Engrais/phytos : fusion entre le français Novaem et le franco-belge Medinbio
Dans un communiqué du 26 mai, le fabricant et distributeurs de fertilisants Novaem, basé à La Rochelle (17), et Medinbio, société franco-belge basée à Wavre (Belgique), et spécialisée dans la conception et la distribution de biosolutions, ont annoncé leur fusion, qui donnera une entité française. Le montant de l'opération n'a pas été dévoilé. L'objectif de cette union est d'aider leurs clients à s'adapter à la transition écologique, et donc de réduire « l'usage des fertilisants chimiques » et « d'intrants phytosanitaires », d'optimiser « le rendement et le revenu des agriculteurs », et de travailler à « la régénération des sols ». Novaem, créé en 2001, produit « 100 000 t par an d'engrais de spécialité ». Medinbio a de son côté vu le jour en 2013, et était à l'origine spécialisé dans le conseil agricole et agroalimentaire. L'entreprise a par la suite développé ses propres biosolutions. La société franco-belge apporte donc davantage ses compétences en termes de prévention : régénération des sols, amélioration des conditions de nutrition des plantes, développement de leur résistance face aux ravageurs etc. Elle se targue de disposer « de nombreux brevets et des références acquises auprès d’acteurs agroindustriels », relate le communiqué.
Climat/altération forcée : le potentiel de la « farine » de roche groenlandaise
Si le basalte est désormais connue comme la principale ressource de l’altération forcée de roche (ERW), qui permet de stocker du carbone en épandant certaines roches broyées sur des sols agricoles, la « farine » de roche groenlandaise gagne aussi en notoriété, comme en témoigne un récent article de la revue Sésame. « L'inlandsis groenlandais broie lentement le paysage sur lequel il repose en une poudre très fine », résumait sur son site en 2023 l’université de Copenhague en 2023, qui a produit une étude sur son potentiel. Des chercheurs ont répandu la poudre sur des champs, résultat : elle « peut être utilisée pour capturer de grandes quantités de CO2 ». En imaginant qu’on l'épande sur « toutes les terres agricoles du Danemark », on capterait « plus de 27 Mt de CO2 ». « C’est une solution simple », indique la chercheuse Christiana Dietzen (même site) et « contrairement à d’autres sources de minéraux silicatés, la farine de roche glacière ne nécessite aucun traitement, et la quantité disponible au Groenland est illimitée ». 250 kg de CO2 par tonne de « farine » pourraient être captés (The Guardian, 2023). Si les chercheurs voient dans l'ERW une technologie très prometteuse pour le climat, car simple à déployer, ils appellent toutefois à des recherches rapides et approfondies sur ses conséquences pour les sols, la biodiversité et la santé humaine. Autant de risques encore largement méconnus.

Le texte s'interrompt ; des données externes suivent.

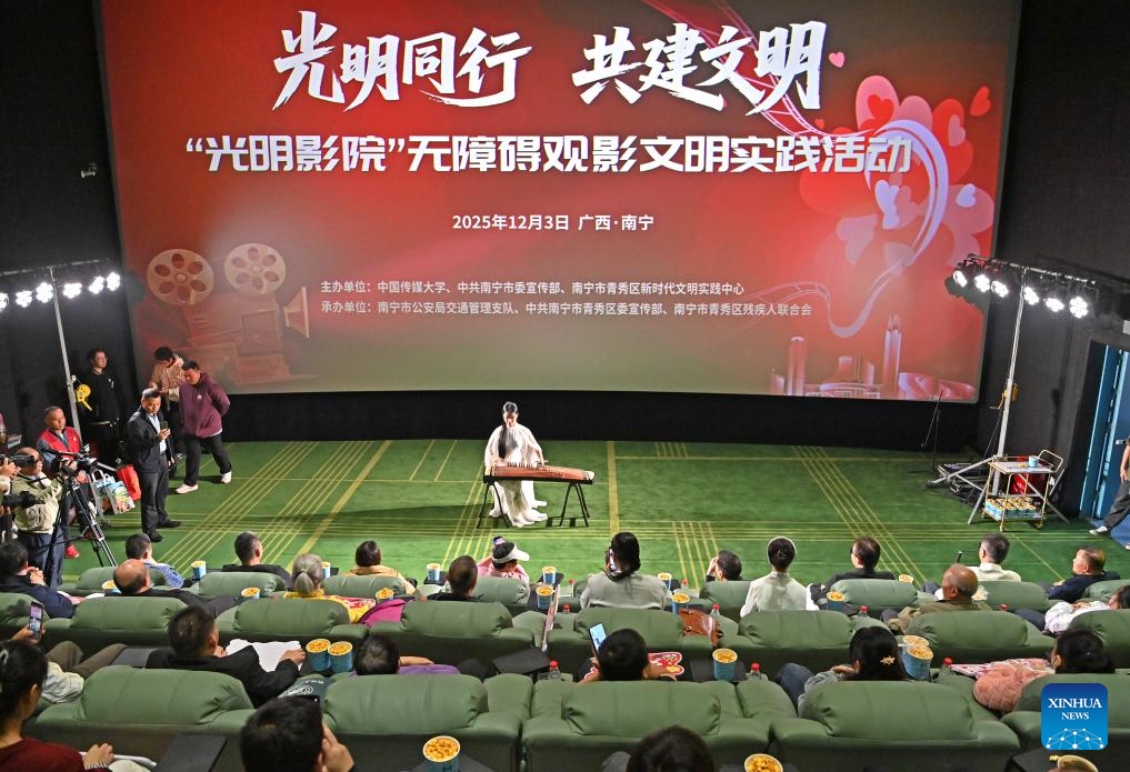 A volunteer plays Guzheng, a traditional Chinese musical instrument, before a movie starts at a cinema in Nanning, south China's Guangxi Zhuang Autonomous Region, Dec. 3, 2025. Wednesday marks the 34th International Day of Persons with Disabilities. More than 40 visually-impaired people enjoyed a barrier-free version of the movie "One and Only" under the Cinema of Light, a public welfare initiative initiated in 2017 by the Communication University of China.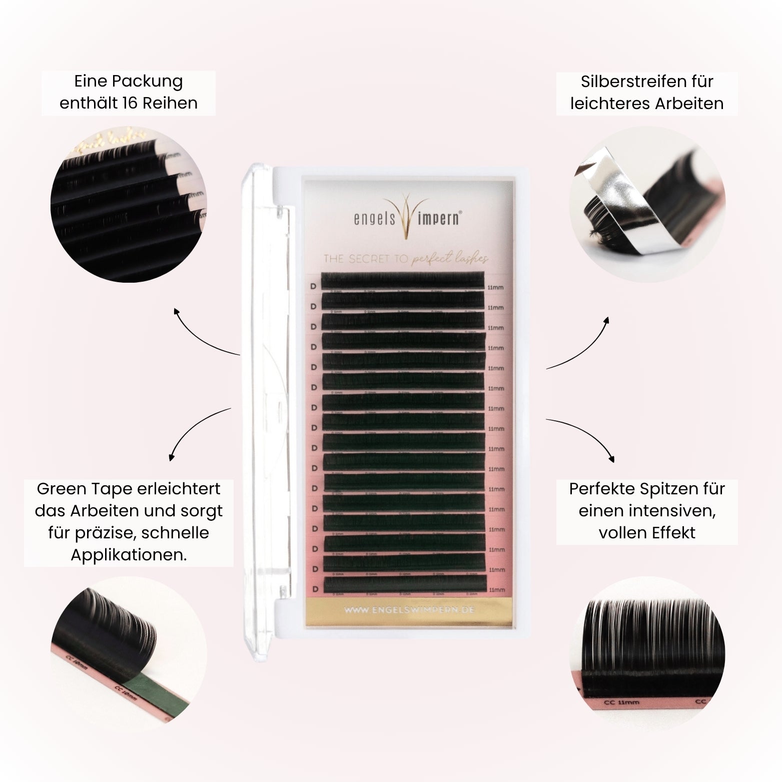 Die Qualität der verwendeten Materialien und eine sichere Verarbeitung sind entscheidend für Haltbarkeit, Tragekomfort und Wimperngesundheit. Unsere Extensions sind für den professionellen Studioeinsatz konzipiert und erfüllen hohe Anforderungen an Material, Verarbeitung und Produktsicherheit.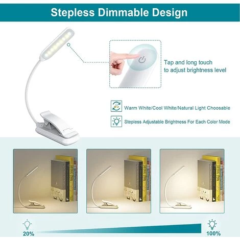 【Contrôle de la luminosité en continu】Différent du bouton de contrôle de la luminosité des autres lampes de lecture, ce clip de lampe de lecture sur le livre fournit un niveau de luminosité réglable en continu en appuyant longuement sur le bouton de commande, ce qui vous convient pour différents environnements de lecture. Le contrôle de la luminosité est super facile à utiliser et suffisamment sensible pour vous donner suffisamment de temps pour choisir votre niveau plutôt que d’autres qui changent trop rapidement.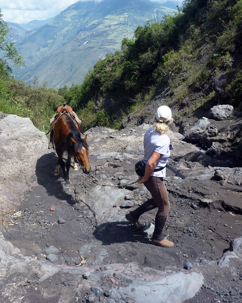 After about 90 minutes, we stopped in a meadow high above the valley and had a bite to eat. Pablo was a mine of information about the volcano, which became active in 1999 after a long period of quiet. The last serious eruption of Tungurahua was in 2006 when a pyroclastic cloud swept down the slopes (where we were riding), wiping out all the animals and vegetation in its path. It took only five minutes for the cloud of hot ash to reach the river valley below. Molten lava flowed out of the volcano crater and took an hour to flow down several canyons. Five people died and hundreds of people had to be relocated - Christian lost all of his 12 horses.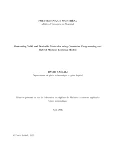 | Citer en APA 7: | Saikali, D. (2025). Generating Valid and Desirable Molecules using Constraint Programming and Hybrid Machine Learning Models [Mémoire de maîtrise, Polytechnique Montréal]. PolyPublie. https://publications.polymtl.ca/68141/ |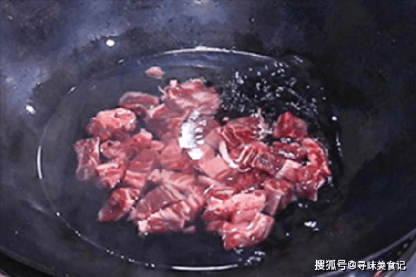 锅内烧水、冷水放入牛腩,慢慢煮出里面的血水和杂质,水烧开以后打去锅中的浮沫,大约焯水2分钟把牛腩倒出来,用清水冲洗干净、沥水备用。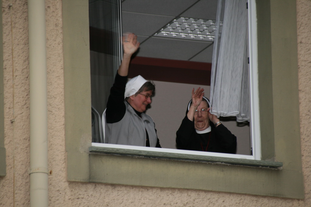 Gemeinsam machte man sich auf dem Rückweg zur Beketalhalle. Vorbei am Missionshaus der „Schwestern vom kostbaren Blut“, die sich schon sichtlich auf die königliche Nachbarschaft freuen.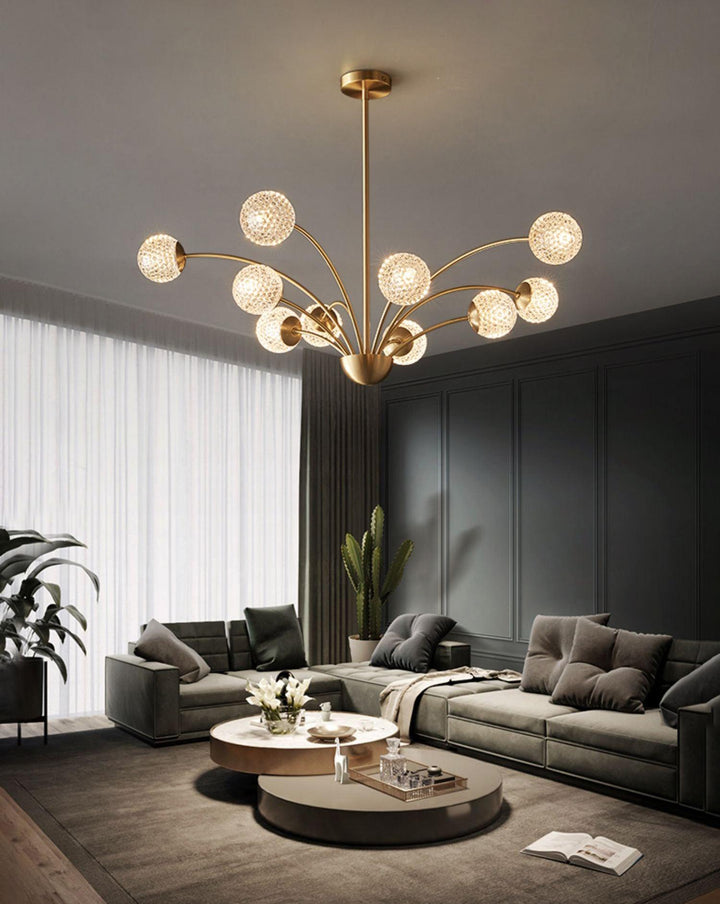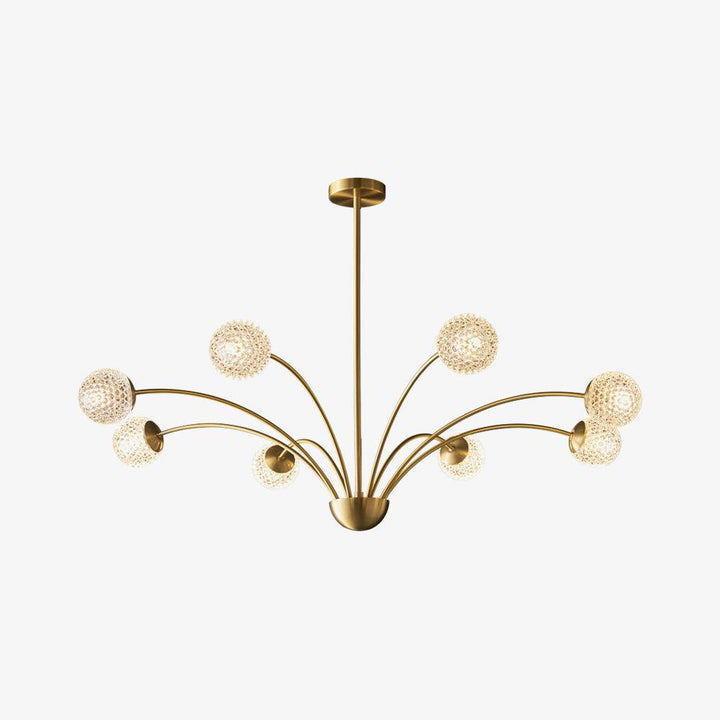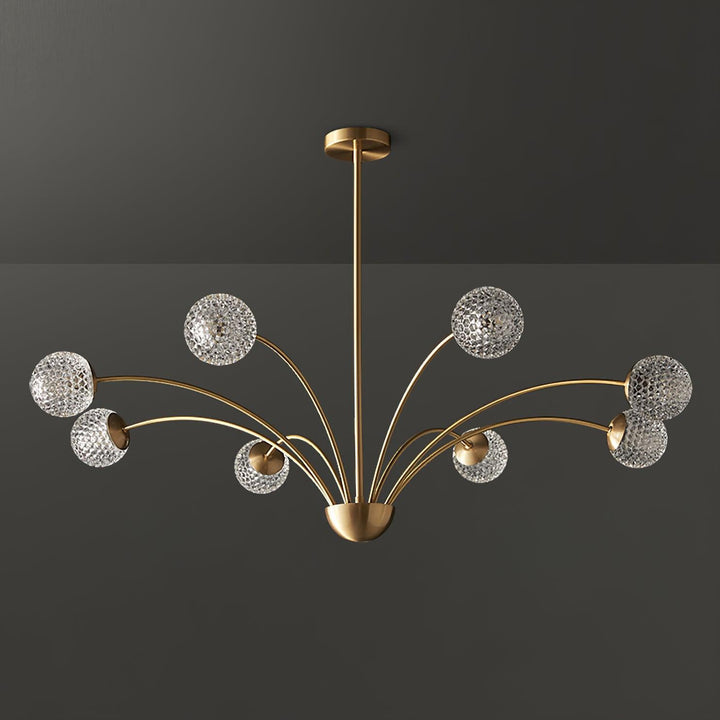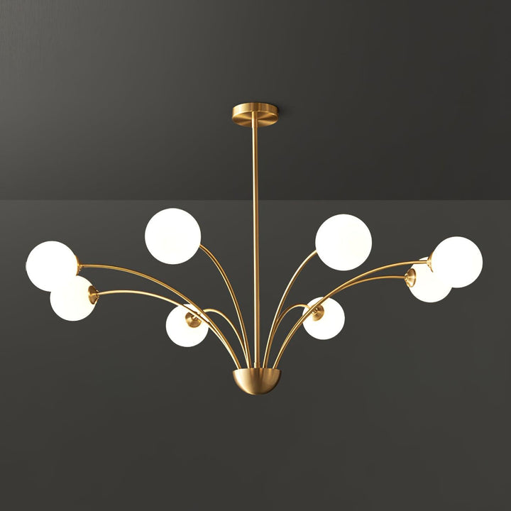 This Millender Chandelier is sure to make a statement above your living room. It showcases eight arms that in different directions. Each arm has a glass globe-shaped shade on the end that disperses soft and warm light. The opaque/white glass shades paired with the metal construction in gold finish create a modern and timeless atmosphere in your home.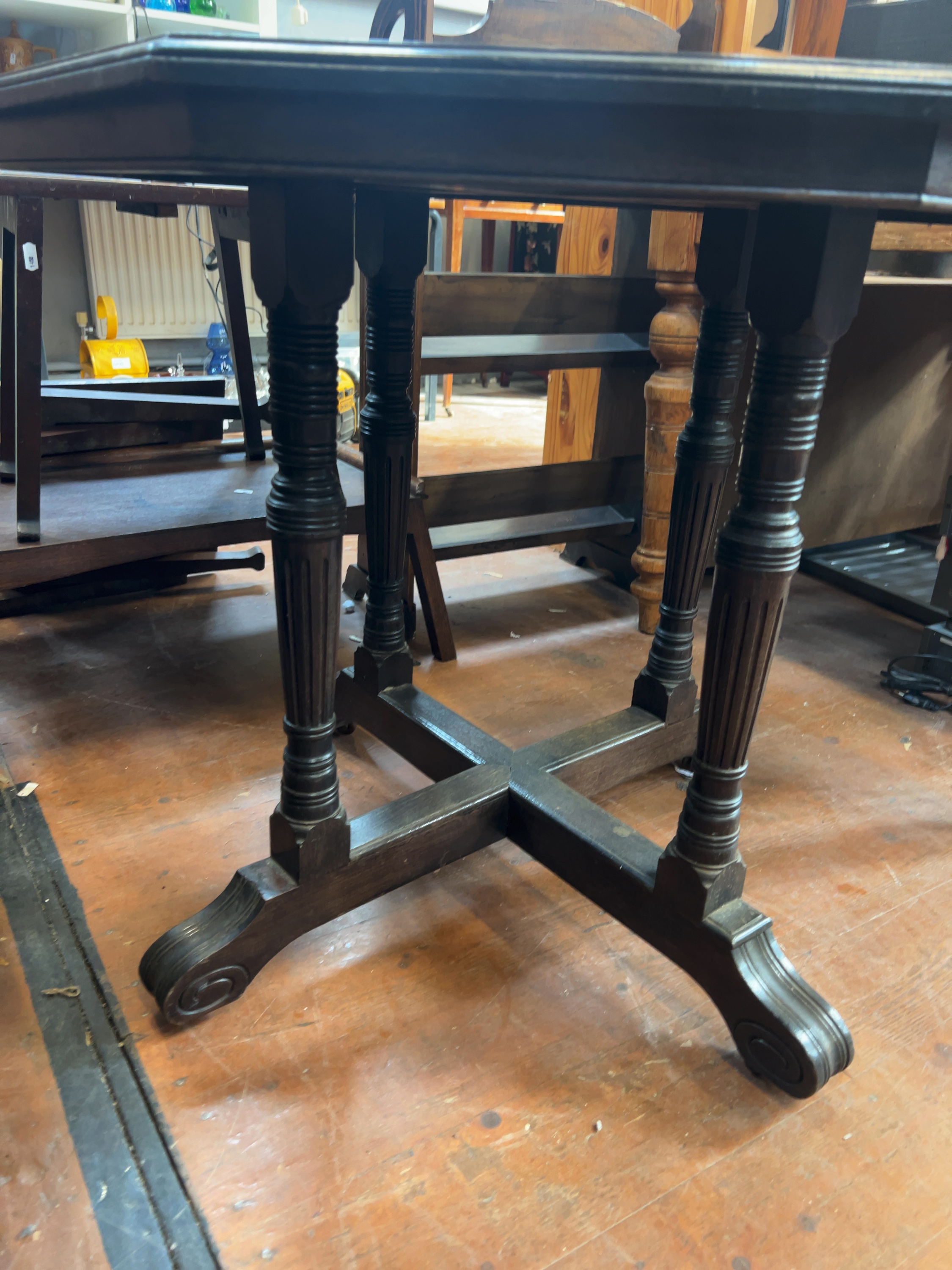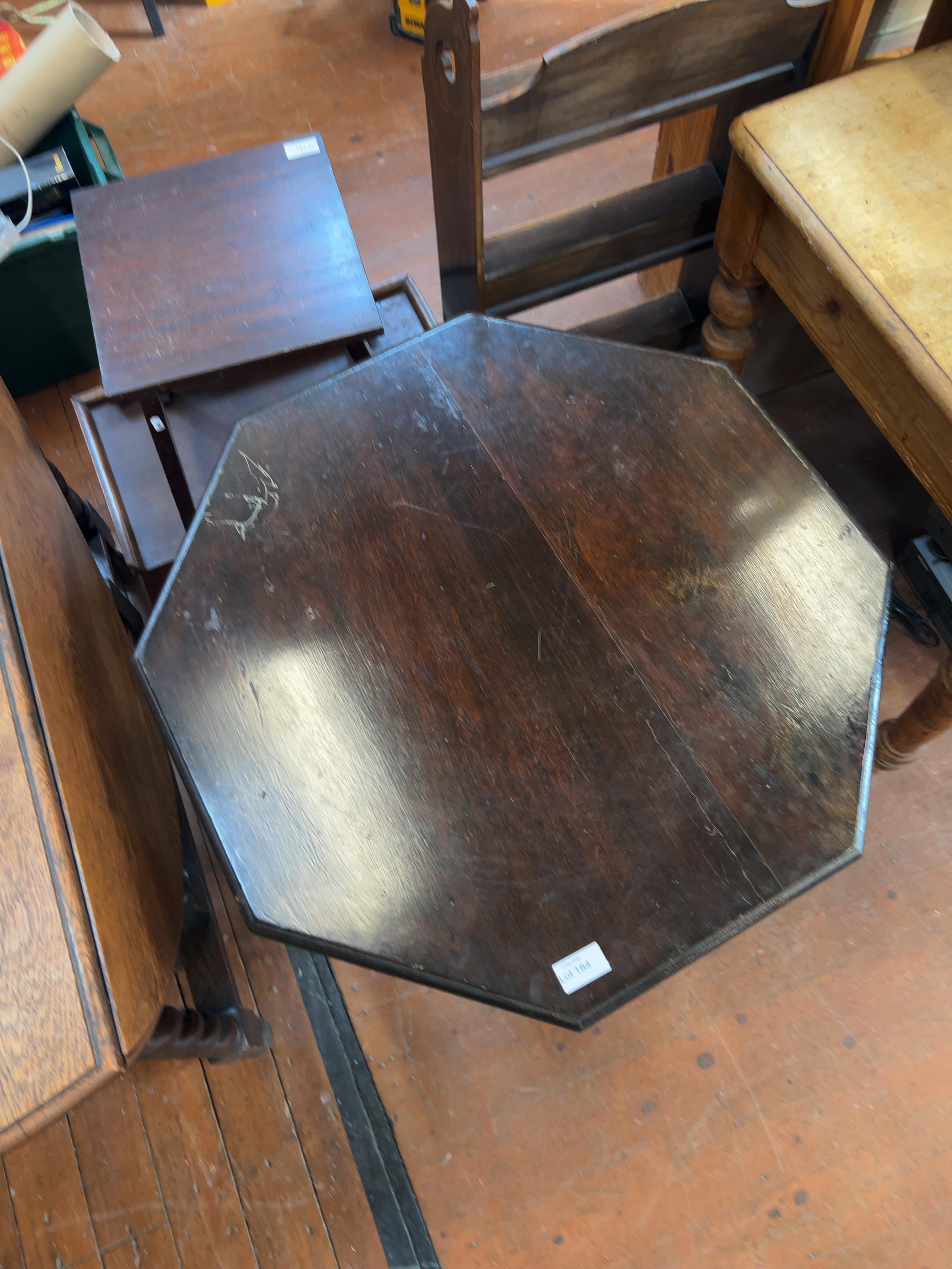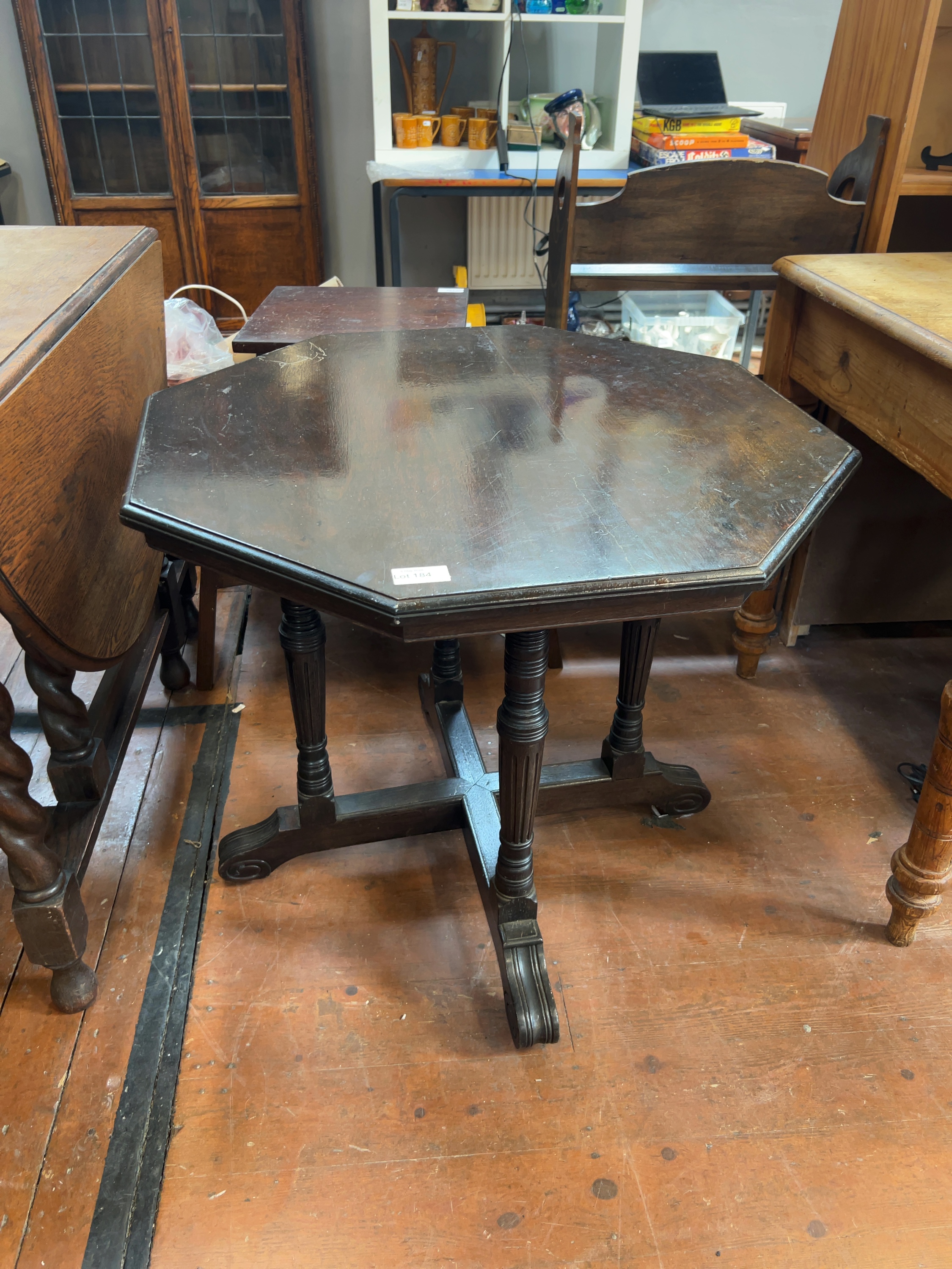 This octagonal centre table is crafted in the Jacobean Revival style from a dark-stained wood, likely oak.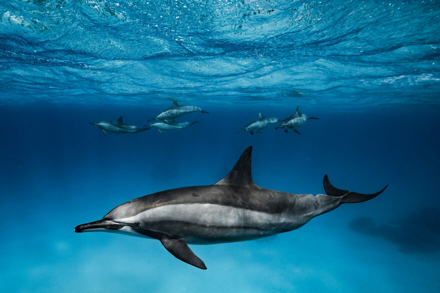 "This large pod of spinner dolphins hunt in the open ocean during the night before returning in the early morning to the Sataya reef lagoon to rest," says photographer Lucie Pollet. "They spend the day in the lagoon to rest, play, mate and learn. On this particular morning, the dolphins were curious and in a playful mood. We spent two hours with them, interacting. My heart was jumping with happiness and excitement. It was an amazing encounter."

Blé : un pain vieux de 5000 ans relance l'intérêt pour les variétés anciennes en Turquie
Un pain vieux de 5.000 ans a été découvert par des archéologues en Turquie, où il est désormais reproduit, nourrissant l'intérêt pour la culture de blés anciens plus adaptés à la sécheresse, rapporte l’AFP le 27 mai. La variété qui retient ici l’attention est le blé dit de Kavilca. « Nous sommes face à une crise climatique mais nous cultivons encore du maïs ou du tournesol, très demandeurs en eau. Or, nos ancêtres nous donnent une leçon. Nous devrions, comme eux, nous orienter vers des cultures peu exigeantes » en eau, affirme Ayse Ünlüce, la maire d'Eskisehir, commune se situant à 35 km du lieu du site de fouilles où a été découvert le pain, dénommé Küllüoba. Elle souhaite donc relancer dans sa région la culture du blé de Kavilca, résistant au déficit hydrique mais aussi aux maladies, permettant la production du pain traditionnel de la municipalité. « Il nous faut des politiques publiques très fortes à ce sujet. Cultiver les blés anciens sera une avancée symbolique en ce sens », juge-t-elle. Une boulangerie municipale propose déjà ce type de pain à bas coût depuis une semaine, appelé pain de Küllüoba.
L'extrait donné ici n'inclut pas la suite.